For instance, just last night I was able to pay my second visit to the village of Leleni.  It's 25 [very bumpy] kilometers out of town and is only accessible via roads mostly indistinguishable to the American eye.   Three thousand people live in this village; six of them are Christians.  The amazing part is that it seems so hidden.  You drive along these bumpy, dusty, twisty roads, not seeing any humans for kilometers on end and suddenly boom - 3,000 souls right smack-dab in the middle of the bush.  It makes me wonder how many more of these villages are hidden away on roads I can't see, and whether anyone is reaching them, teaching them, or even just praying for them.  That's not something we see in America, these places that have simply never heard the gospel.  We take it for granted that there is a church in every town and that most people have at least heard of the Christian God.  That's just not the case here.  And it's overwhelming to look out at the scrubland and realize that there are people hidden out there, dying every single day, never hearing that Jesus loves them and died for them.
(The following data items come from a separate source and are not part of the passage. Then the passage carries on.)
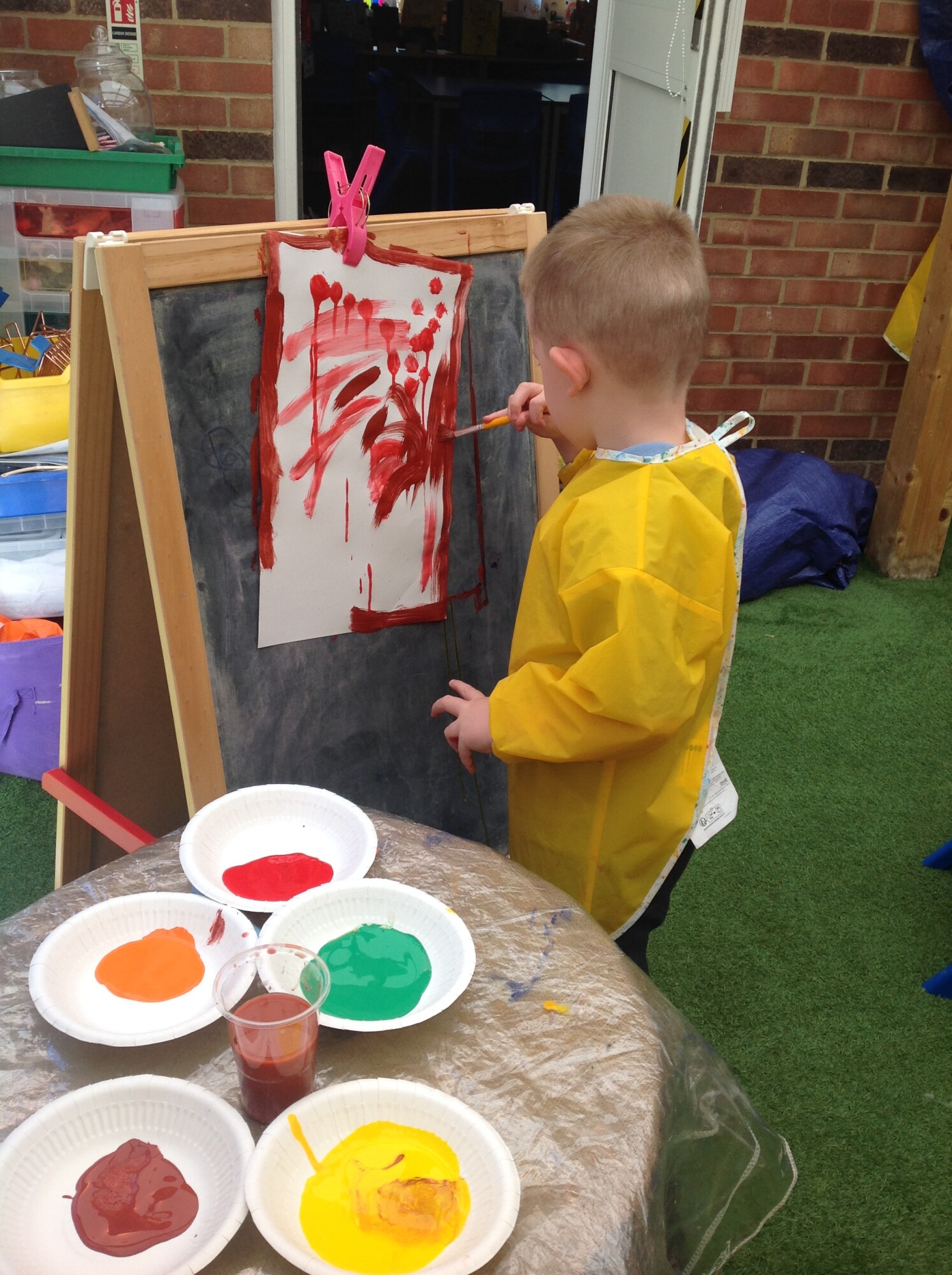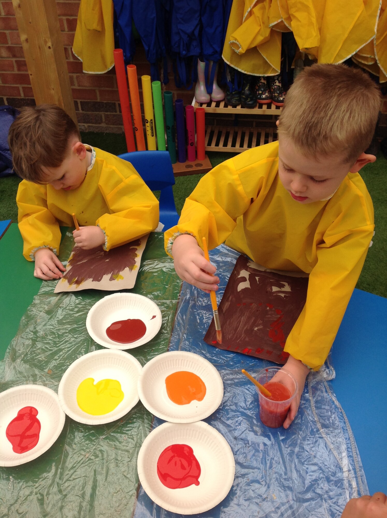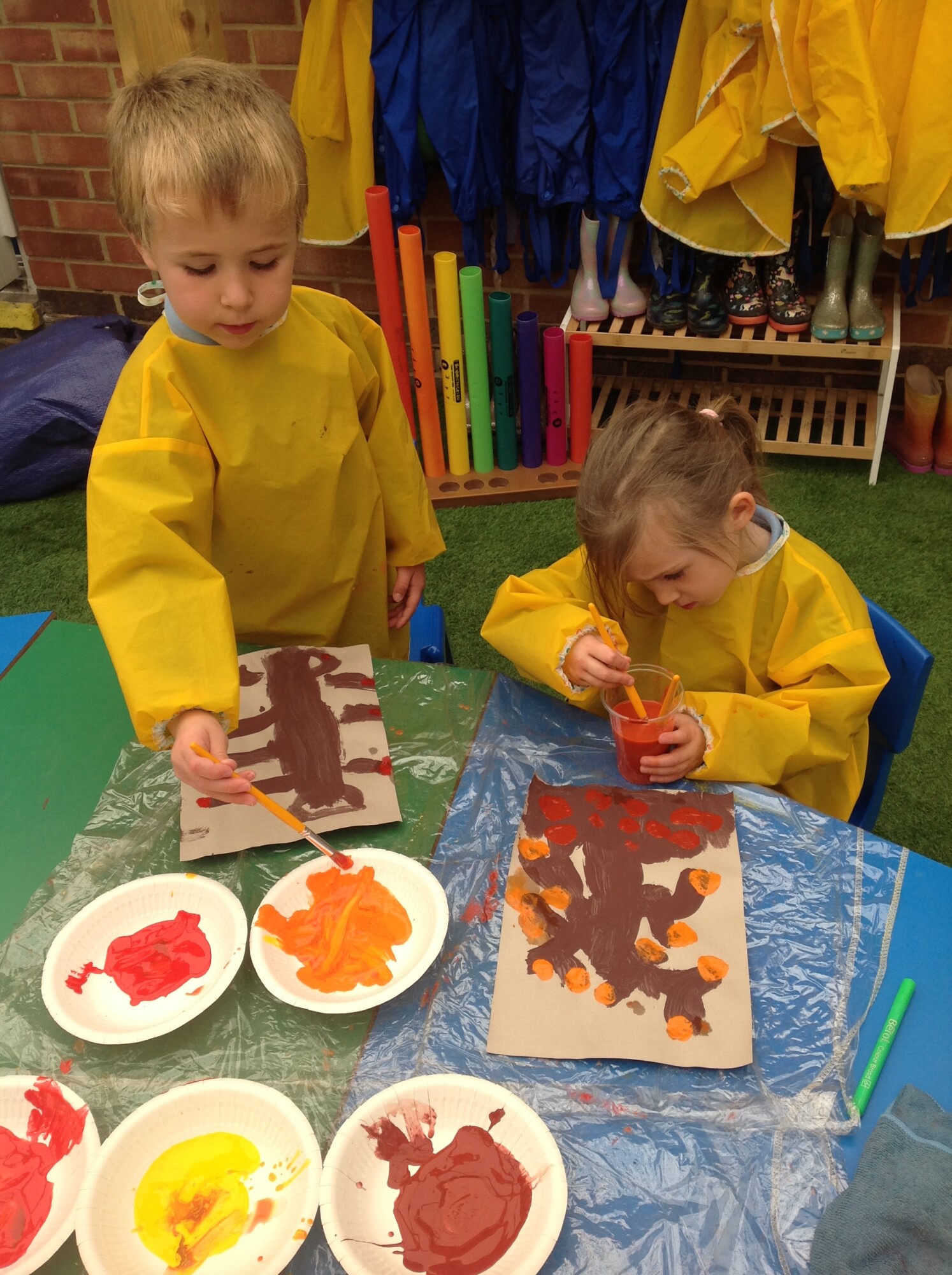 On Thursday the children continued developing their skills of using a paintbrush. We went over how we have to hold the brush and how important it is to clean the brush when changing between different colours. The children painted leaves in different colours on their autumn trees that they started last week. The were also keen to have a go at painting their own pictures of whatever they wanted so they had the opportunity to do this as well.
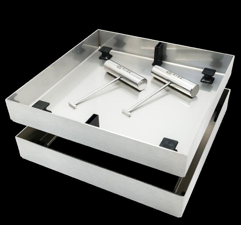 HIDE’s advanced lids for skimmer boxes, access points, and drain covers deliver a refined, high-end finish. They are offered in an extensive selection of sizes and depths to accommodate a variety of concrete installations.
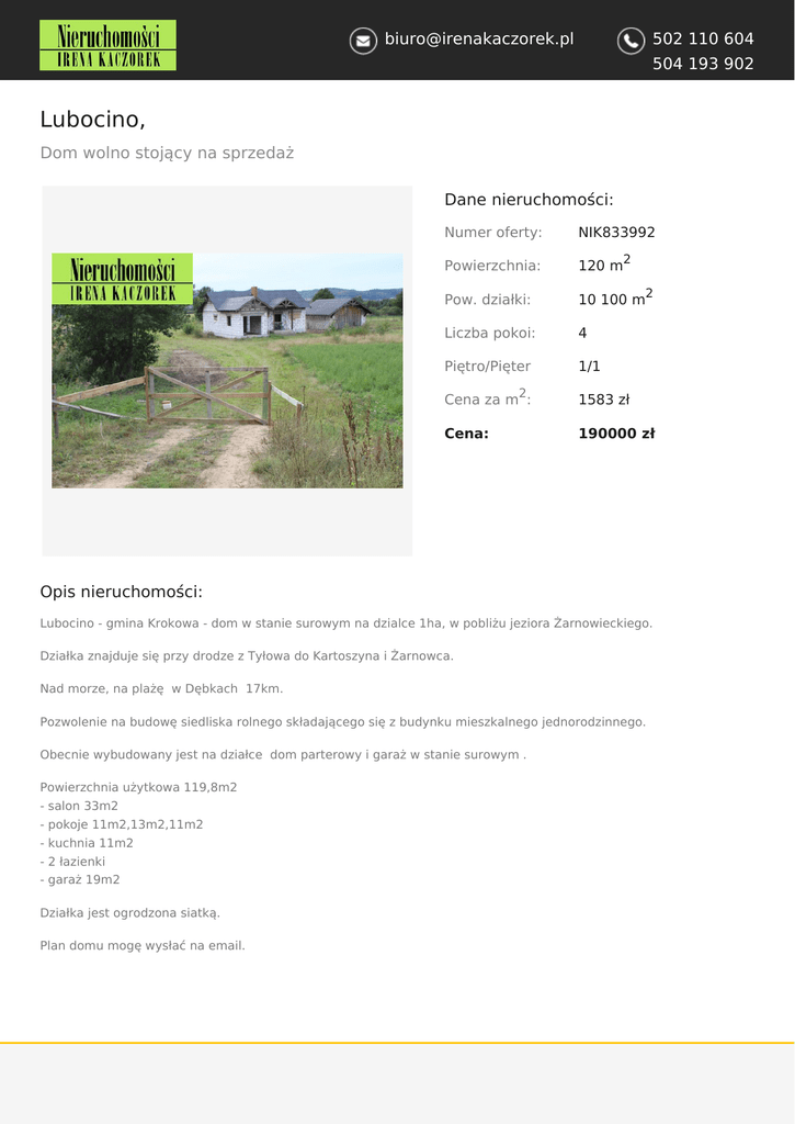 [email protected] 502 110 604 504 193 902 Lubocino, Dom wolno stojący na sprzedaż Dane nieruchomości: Numer oferty: NIK833992 Powierzchnia: 120 m Pow. działki: 10 100 m Liczba pokoi: 4 Piętro/Pięter 1/1 2 2 2 Cena za m : 1583 zł Cena: 190000 zł Opis nieruchomości: Lubocino - gmina Krokowa - dom w stanie surowym na dzialce 1ha, w pobliżu jeziora Żarnowieckiego. Działka znajduje się przy drodze z Tyłowa do Kartoszyna i Żarnowca. Nad morze, na plażę w Dębkach 17km. Pozwolenie na budowę siedliska rolnego składającego się z budynku mieszkalnego jednorodzinnego. Obecnie wybudowany jest na działce dom parterowy i garaż w stanie surowym . Powierzchnia użytkowa 119,8m2 - salon 33m2 - pokoje 11m2,13m2,11m2 - kuchnia 11m2 - 2 łazienki - garaż 19m2 Działka jest ogrodzona siatką. Plan domu mogę wysłać na email. [email protected] 502 110 604 504 193 902

Another unexpected lesson I've had is a little more, shall we say, controversial.  Yet I feel that this is one of my biggest takeaways from this trip so far and has to be said.  Many people, when they talk about having taken a trip like this one, tell of how their trip made them realize just how blessed we are to live in a place like America.  God has been so good to us, they say, to let us live in a place with so many conveniences and luxuries that we take for granted.

I beg to differ on that.

Are we really so blessed?  Have all our conveniences and commonplace luxuries made us blessed - or spoiled?  

Could we really learn to thrive - without complaining - with no running water in our homes and not even the option of electricity?  Could we be thankful for dirty vegetables, buggy grains, and dog meat?  When was the last time we greeted a complete stranger and asked after their health, their spouse, their children, their village, and their work?  When did we last make tea and carry it over to our neighbor's house, with no expectations and no desire for reciprocation?  Do we ever find joy in helping a total stranger learn our language?  And has it ever just made your day to wave at someone whose skin is a different color from yours?

I'm not saying we should all be Africans, and I'm not saying I've mastered all this perfectly.  All I am saying is that there is no need to insult people in "developing" countries by pitying them.  Instead, it might do us in the "developed" nations a whole world of good to humble ourselves and learn from these beautiful people instead of trying to be their saviors.